The compounds of formula (I) and their pharmaceutically acceptable salts can be processed with pharmaceutically inert, inorganic or organic adjuvants for the production of tablets, coated tablets, dragées, hard gelatin capsules, injection solutions or topical formulations Lactose, corn starch or derivatives thereof, talc, stearic acid or its salts etc. can be used, for example, as such adjuvants for tablets, dragées and hard gelatin capsules.
Suitable adjuvants for soft gelatin capsules, are, for example, vegetable oils, waxes, fats, semi-solid substances and liquid polyols, etc.
Suitable adjuvants for the production of solutions and syrups are, for example, water, polyols, saccharose, invert sugar, glucose, etc.
Suitable adjuvants for injection solutions are, for example, water, alcohols, polyols, glycerol, vegetable oils, etc.
Suitable adjuvants for suppositories are, for example, natural or hardened oils, waxes, fats, semi-solid or liquid polyols, etc.
Suitable adjuvants for topical ocular formulations are, for example, cyclodextrins, mannitol or many other carriers and excipients known in the art.

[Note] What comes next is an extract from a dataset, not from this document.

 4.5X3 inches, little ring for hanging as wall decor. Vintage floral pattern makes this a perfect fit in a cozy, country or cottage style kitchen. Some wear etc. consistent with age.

Moreover, the pharmaceutical preparations can contain preservatives, solubilizers, viscosity-increasing substances, stabilizers, wetting agents, emulsifiers, sweeteners, colorants, flavorants, salts for varying the osmotic pressure, buffers, masking agents or antioxidants. They can also contain still other therapeutically valuable substances.

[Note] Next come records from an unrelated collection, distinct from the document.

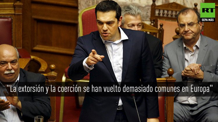 En su mensaje televisado de este domingo, Tsipras acusó al Eurogrupo de ser el causante de la actual situación de Grecia al haber negado al país heleno una prórroga del rescate para que "un pueblo soberano ejerza su derecho soberano de votar democráticamente"; una decisión que calificó de "chantaje".
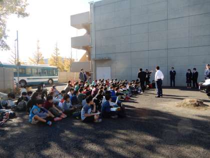 高尾警察署に見学に来ました。今、注目の警察署です。記念撮影の後、2グループに分かれて見学です。
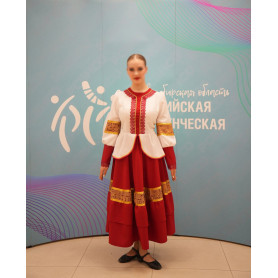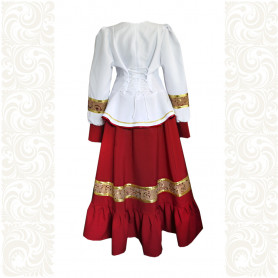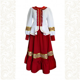 Выполненный в православном стиле сарафан с блузой «Русь» сшит из натурального хлопка в цветочек. Модель скромно декорирована однотонным воланом в цвет с основной тканью и тесьмой вьюнок. Можно носить под пояс и регулировать бретели по длине. Белая блузка из хлопка с длинным рукавом расшита натуральным нежным кружевом.
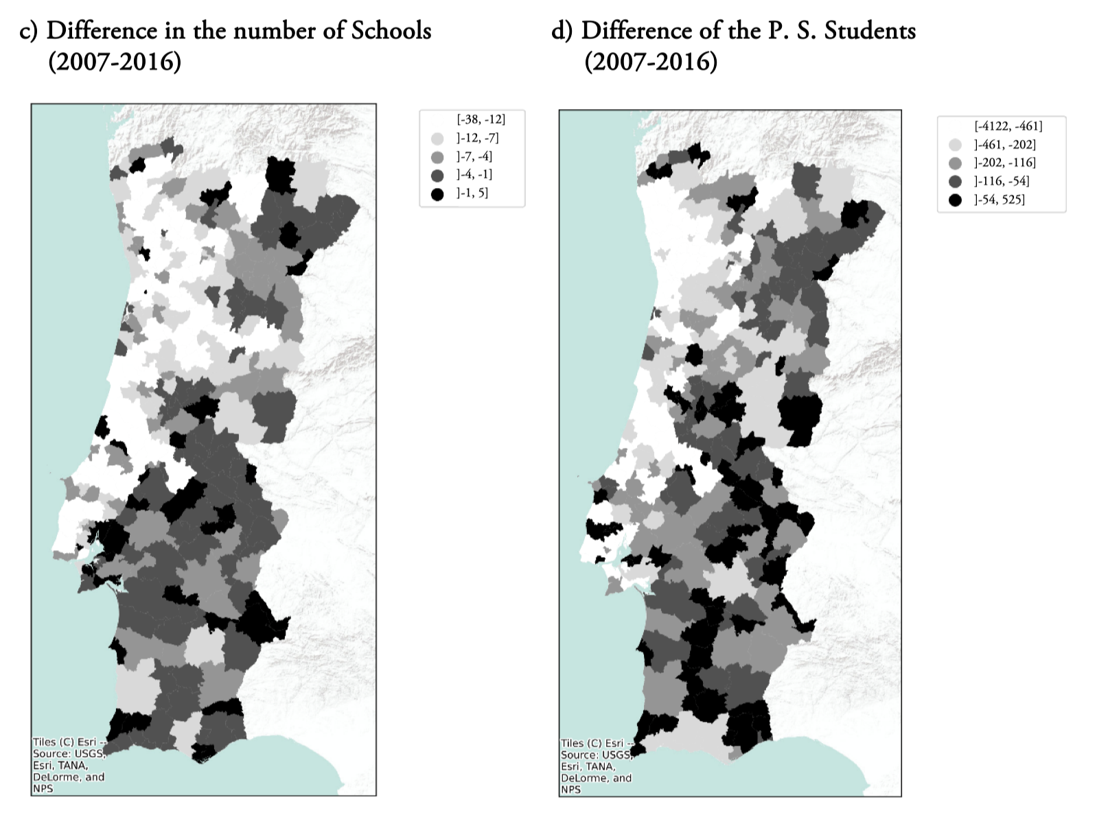 In Figure 1 it is possible to observe that, in the considered period, the main trend is for primary school closures to largely exceed the opening of new schools and, also, that the municipalities which witness a sharper decrease in the number of primary schools tend to be located in the coastal regions in the North and Centre of the country (Figure 1C). On the other hand, there still is a positive trend in the number of Primary Schools in some municipalities in the centre of Portugal.

The dosage can vary in wide limits and will, of course, be fitted to the individual requirements in each particular case. In general, in the case of oral administration a daily dosage of about 0.1 mg to 20 mg per kg body weight, preferably about 0.5 mg to 4 mg per kg body weight (e.g. about 300 mg per person), divided into preferably 1-3 individual doses, which can consist, for example, of the same amounts, should it be appropriate. In the case of topical administration, the formulation can contain 0.001% to 15% by weight of medicament and the required dose, which can be between 0.1 and 25 mg in can be administered either by single dose per day or per week, or by multiple doses (2 to 4) per day, or by multiple doses per week. It will, however, be clear that the upper or lower limit given herein can be exceeded when this is shown to be indicated.
The invention is illustrated hereinafter by Examples, which have no limiting character.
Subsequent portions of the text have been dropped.